Gerçi gençliğim yaşlılık gibi geçti gitti ama yine de yaşlanmayı kabul edemiyorum bir türlü. Vücudumun yıpranmasını, gözlerimin görmemesini, saçlarımın ağarmasını, hafızamın zayıflamasını, kısacası fani olduğumu bir türlü kabul edemiyorum.
"Pergel gibi ol. Bir ayağın sabit kalsın, diğer ayağınla istediğin yerleri dolaş. Ki dolaştığın yerleri sabit bastığın yerin mihengine vurabilesin." Böyle deniliyor her defasında. Ben de diyorum ki peki ya ayağını sabit bastığın yer yanlış ise?
Adam tanıyorum, hayatı ibadetle geçmiş. Gece namazını kaçırmaz, üç ayları oruçlu geçirir, ayda bir hatim yapar. Ama çoluk çocuğuna, karısına karşı zalim ve acımasız. Çevresindeki herkes kendisinden şikayetçi. Şimdi bu kadar ibadetin ne faydası var? Bu kadar ibadet insanı belki çok 'dindar' yapıyor ama nedense insan yapmıyor.

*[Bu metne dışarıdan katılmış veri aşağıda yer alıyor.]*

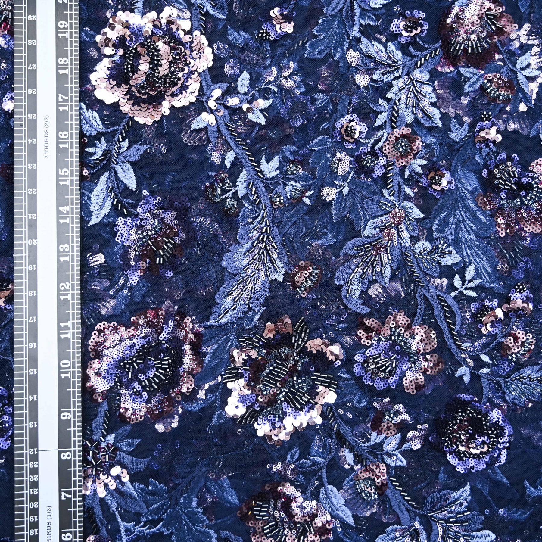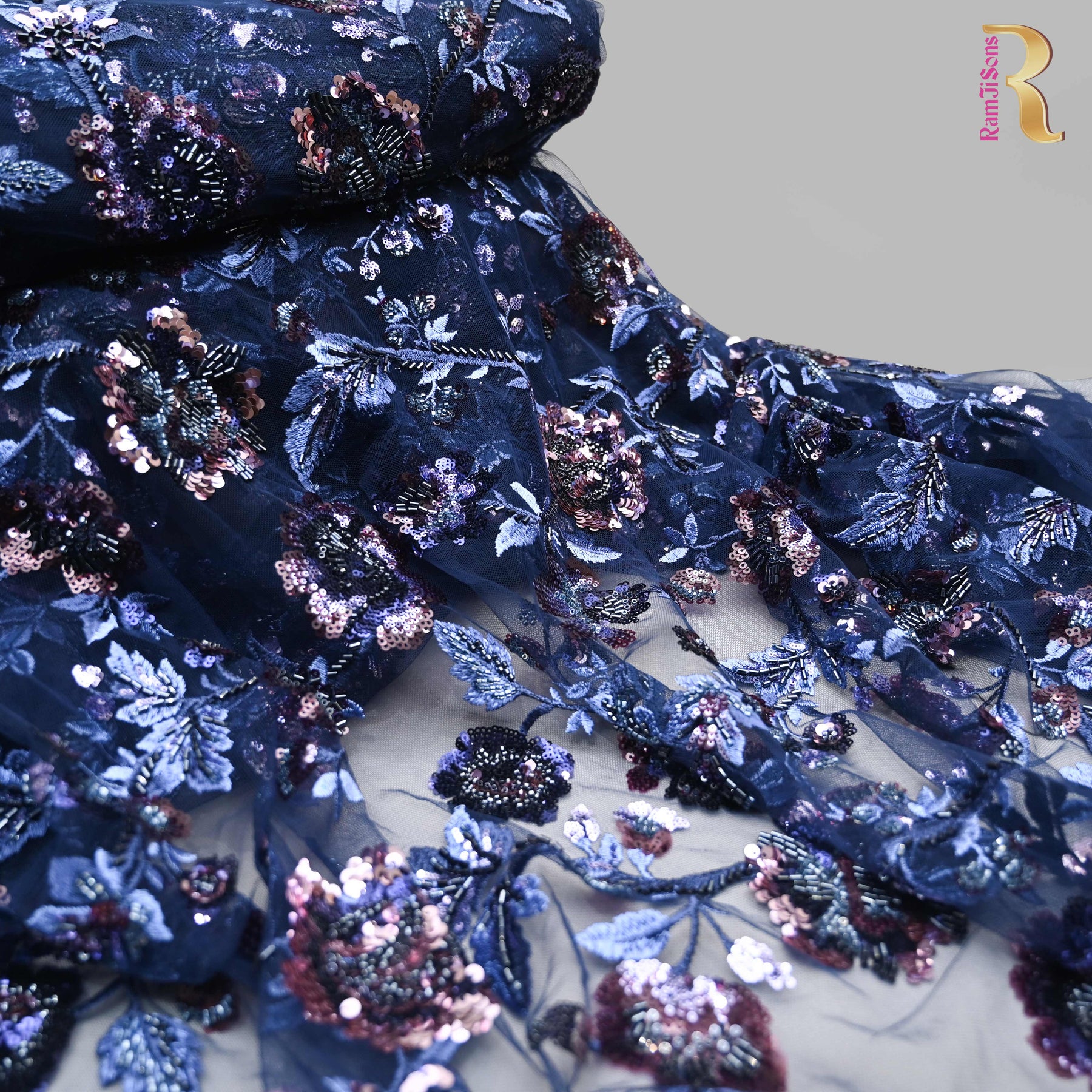 Elegant floral net embroidery fabric crafted on a soft sheer base, highlighted with intricate threadwork, tonal sequins, and delicate bead embellishments. The graceful navy blue net tones and all-over embroidered motifs create a luxurious, lightweight drape. Ideal for designing bridal wear, evening gowns, lehengas, sarees, and couture blouses, this fabric adds a refined sparkle and timeless charm to any occasion-wear ensemble.

Onun için adamın ismi anıldığında herkes şöyle diyor: "Çok dindar biri ama insan değil." Gerçekten de bizi insan yapmayan bir dindarlık sarmış her tarafı. Bizi insan yapmayan bir dindarlıktan çektiğimiz kadar hiçbir şeyden çekmedik?
Geçenlerde genel bir mesaj: "Merhaba hocam. Bilmek Azaptır kitabınızı yeni bitirdim. Ondan önce Düşünen Düşer kitabınızı okumuştum. Anlatımınız çok tatlı ve şahane. Nietzsche gibi çok çok derinleri kurcalıyorsunuz, derinlere iniyorsunuz. Ama tek başına olmaz bu iş. Bunu yaparken uzman bir psikologtan veya psikiyatriden destek almanız gerekiyor diye düşünüyorum. Biliyorsunuz Nietzsche de Van Gogh da yıllarca psikiyatri desteği aldı. Düşünce yükü çok ağır bir yük..."
Orhan Pamuk bir konuşmasında: "Neden yaşıyorum? Yaşamın ne önemi var? Hayatımda ne yaptım? Hayatın anlamı ne? Gibi sorular sormak 70'li yaşlarda daha yaygındır. İlginç olan, farklı olan, çok saygıdeğer olan bu soruları 20 yaşındayken sorabilmektir. Eğer 20'li yaşlarda hayatın anlamı ve ölüm ilgili sorular sorabiliyorsanız bence iyi bir yazar ve iyi bir sanatçı olabilirsiniz" diyor. Hayatım boyunca, daha ortaokul yıllarında ve halen kendime sorduğum sorular bunlar. Beynim bu soruların cevaplarını bulmak için kimi zaman yandı, eridi, kül oldu. Bütün kitaplarım bu soruları sorarken düştüğüm notlardan ibaret bir bakıma. Onun için bir paylaşımda "gençliğim yaşlılık gibi geçti" demiştim. Ama iyi bir yazar olabildim mi, bilmiyorum.